COLLECTED DATA:
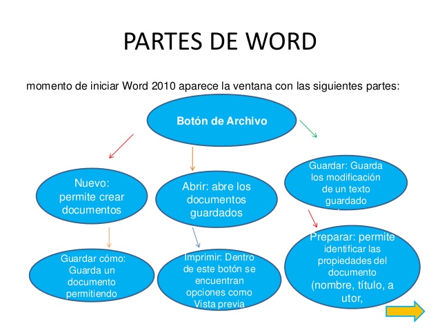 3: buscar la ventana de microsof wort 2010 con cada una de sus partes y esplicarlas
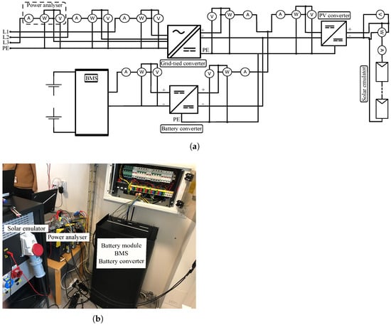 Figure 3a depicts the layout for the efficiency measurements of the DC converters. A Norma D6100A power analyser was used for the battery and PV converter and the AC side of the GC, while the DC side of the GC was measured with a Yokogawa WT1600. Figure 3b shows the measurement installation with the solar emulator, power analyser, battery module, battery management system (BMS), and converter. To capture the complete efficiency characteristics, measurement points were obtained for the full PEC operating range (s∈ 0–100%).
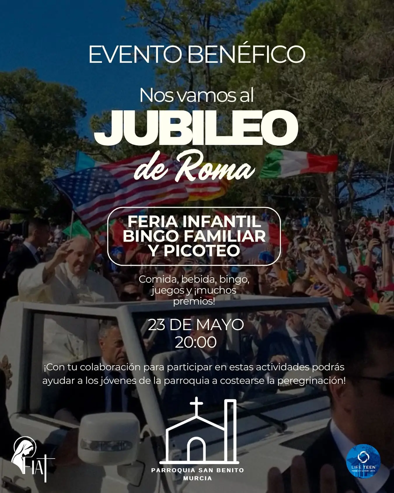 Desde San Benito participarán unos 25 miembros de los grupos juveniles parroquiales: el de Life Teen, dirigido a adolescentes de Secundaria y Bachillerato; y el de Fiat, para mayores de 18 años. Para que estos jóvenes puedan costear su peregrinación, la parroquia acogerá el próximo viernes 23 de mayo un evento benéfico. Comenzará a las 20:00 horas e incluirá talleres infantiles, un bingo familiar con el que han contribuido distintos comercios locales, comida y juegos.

EXERCISE DIRECTIONS:
From the first line to the last, repeat the material exactly, but drop the pictures.

SOLVED PROBLEM:
 3: buscar la ventana de microsof wort 2010 con cada una de sus partes y esplicarlas
 Figure 3a depicts the layout for the efficiency measurements of the DC converters. A Norma D6100A power analyser was used for the battery and PV converter and the AC side of the GC, while the DC side of the GC was measured with a Yokogawa WT1600. Figure 3b shows the measurement installation with the solar emulator, power analyser, battery module, battery management system (BMS), and converter. To capture the complete efficiency characteristics, measurement points were obtained for the full PEC operating range (s∈ 0–100%).
 Desde San Benito participarán unos 25 miembros de los grupos juveniles parroquiales: el de Life Teen, dirigido a adolescentes de Secundaria y Bachillerato; y el de Fiat, para mayores de 18 años. Para que estos jóvenes puedan costear su peregrinación, la parroquia acogerá el próximo viernes 23 de mayo un evento benéfico. Comenzará a las 20:00 horas e incluirá talleres infantiles, un bingo familiar con el que han contribuido distintos comercios locales, comida y juegos.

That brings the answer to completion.